→ **TO DO**:
Return every line below as is, leaving out the pictures.

→ **DATA SUPPLIED**:
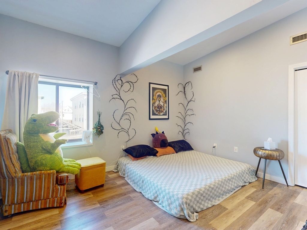 Welcome to 11 Margin St a sun-drenched, townhouse-style condo in the heart of Lynn offering three levels of thoughtfully designed living that feels far more expansive than a typical one bedroom. Enjoy beautiful river views from the bright living room featuring a brand new slider that opens to your private covered deck perfect for morning coffee or evening unwinding. The fully equipped kitchen with breakfast nook flows effortlessly into the living space, while fresh paint and new recessed lighting create a clean, modern feel throughout. Upstairs, the oversized bedroom impresses with vaulted ceilings, double closets plus an additional closet, and direct access to the full bath. A dedicated space for a full-size washer and dryer, an in-ground pool, clubhouse, assigned parking just steps from the entrance, and guest parking complete the package. Move-in ready and offering lifestyle, light, and location. This is the one buyers have been waiting for!
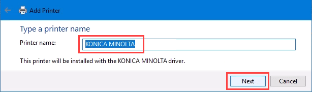 - It will auto-select a name for the printer. That can change as needed. Select **Next**.
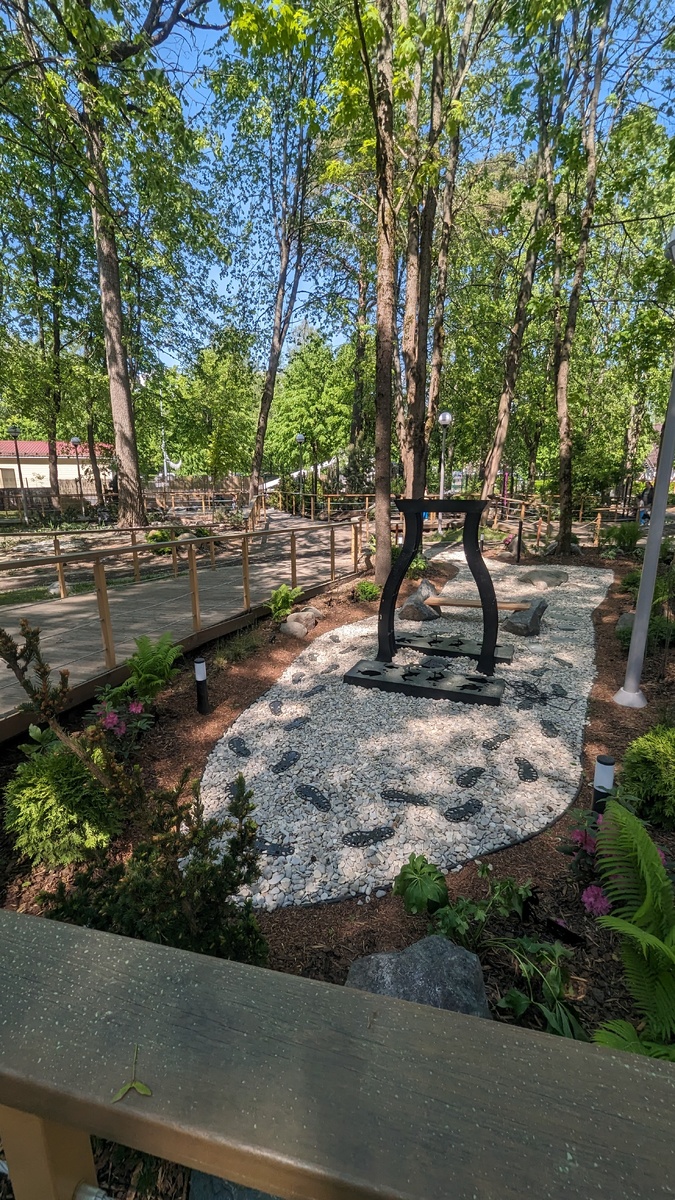 В 2024 году в старом Зеленогорском парке случилось настоящее преображение (о котором мало кто еще знает). Как я об этом узнала? Ну, скажем так… в нужном чате сижу - «А Аня говорила» Провели масштабное и, что особенно приятно, очень гармоничное благоустройство. Без вырубок, без бетонных завалов — наоборот, всё сделано с уважением к природе и с любовью к деталям. Вместо глобальных перестроек — аккуратно вписанные современные элементы. Атмосфера уюта и покоя, за которую этот парк любят местные, осталась. А вот гулять теперь стало гораздо приятнее. Чтобы попасть на новую прогулочную экотропу, заходите в парк и держитесь чуть правее — совсем скоро вы окажетесь на аккуратной деревянной дорожке, которая мягко петляет по зелёному массиву. Здесь действительно приятно гулять. Никаких толп, никаких «тропинок к месту, где все фотографируются». Просто тихая, ухоженная терраса среди деревьев. Что вас ждёт на экотропе: Вдоль тропы — ухоженные зелёные насаждения, стильные мини-памятники и множество ую
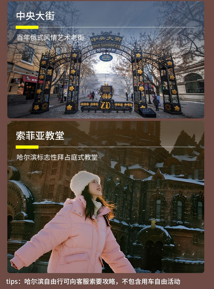 13 : 00集合出发,让我们告别雪乡,来到我们的最后一站-美丽的冰城哈尔滨。
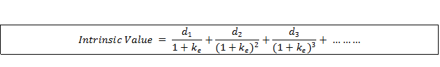 If we write this mathematically, let dt be the dividend to be paid t years from now, and let ke be the discount rate to calculate the present value. Then, the intrinsic value is:
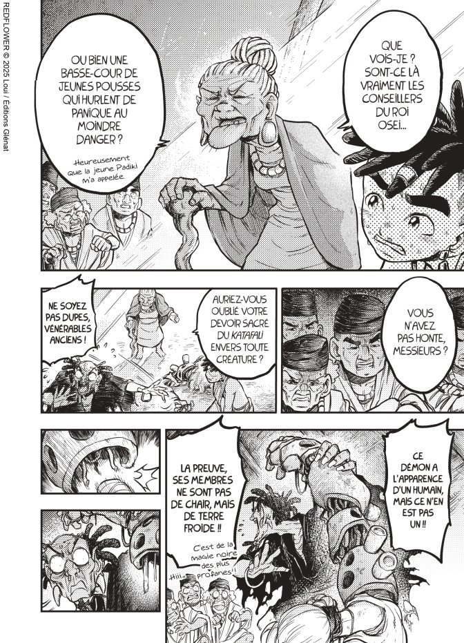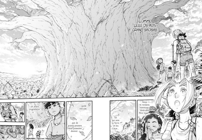 Ce second tome nous en apprend plus sur ce peuple fascinant que sont les Bao’ré ! Loui s’inspire de la culture africaine pour créer le lore de ce peuple. Les pages de « documentaires » entre les chapitres apportent de la crédibilité à l’ensemble et nous ont beaucoup intéressé. Il ne faut cependant pas croire qu’il s’agit d’un livre d’anthropologie, le mangaka nous livre une histoire d’aventure et d’action bourrée d’humour avec un Kéli toujours aussi « à côté de la plaque » lorsqu’il s’agit des émotions humaines. Même s’il faut lui reconnaître une certaine évolution dans ce sens au cours du récit.

→ **ANSWER BOX**:
 Welcome to 11 Margin St a sun-drenched, townhouse-style condo in the heart of Lynn offering three levels of thoughtfully designed living that feels far more expansive than a typical one bedroom. Enjoy beautiful river views from the bright living room featuring a brand new slider that opens to your private covered deck perfect for morning coffee or evening unwinding. The fully equipped kitchen with breakfast nook flows effortlessly into the living space, while fresh paint and new recessed lighting create a clean, modern feel throughout. Upstairs, the oversized bedroom impresses with vaulted ceilings, double closets plus an additional closet, and direct access to the full bath. A dedicated space for a full-size washer and dryer, an in-ground pool, clubhouse, assigned parking just steps from the entrance, and guest parking complete the package. Move-in ready and offering lifestyle, light, and location. This is the one buyers have been waiting for!
 - It will auto-select a name for the printer. That can change as needed. Select **Next**.
 В 2024 году в старом Зеленогорском парке случилось настоящее преображение (о котором мало кто еще знает). Как я об этом узнала? Ну, скажем так… в нужном чате сижу - «А Аня говорила» Провели масштабное и, что особенно приятно, очень гармоничное благоустройство. Без вырубок, без бетонных завалов — наоборот, всё сделано с уважением к природе и с любовью к деталям. Вместо глобальных перестроек — аккуратно вписанные современные элементы. Атмосфера уюта и покоя, за которую этот парк любят местные, осталась. А вот гулять теперь стало гораздо приятнее. Чтобы попасть на новую прогулочную экотропу, заходите в парк и держитесь чуть правее — совсем скоро вы окажетесь на аккуратной деревянной дорожке, которая мягко петляет по зелёному массиву. Здесь действительно приятно гулять. Никаких толп, никаких «тропинок к месту, где все фотографируются». Просто тихая, ухоженная терраса среди деревьев. Что вас ждёт на экотропе: Вдоль тропы — ухоженные зелёные насаждения, стильные мини-памятники и множество ую
 13 : 00集合出发,让我们告别雪乡,来到我们的最后一站-美丽的冰城哈尔滨。
 If we write this mathematically, let dt be the dividend to be paid t years from now, and let ke be the discount rate to calculate the present value. Then, the intrinsic value is:
 Ce second tome nous en apprend plus sur ce peuple fascinant que sont les Bao’ré ! Loui s’inspire de la culture africaine pour créer le lore de ce peuple. Les pages de « documentaires » entre les chapitres apportent de la crédibilité à l’ensemble et nous ont beaucoup intéressé. Il ne faut cependant pas croire qu’il s’agit d’un livre d’anthropologie, le mangaka nous livre une histoire d’aventure et d’action bourrée d’humour avec un Kéli toujours aussi « à côté de la plaque » lorsqu’il s’agit des émotions humaines. Même s’il faut lui reconnaître une certaine évolution dans ce sens au cours du récit.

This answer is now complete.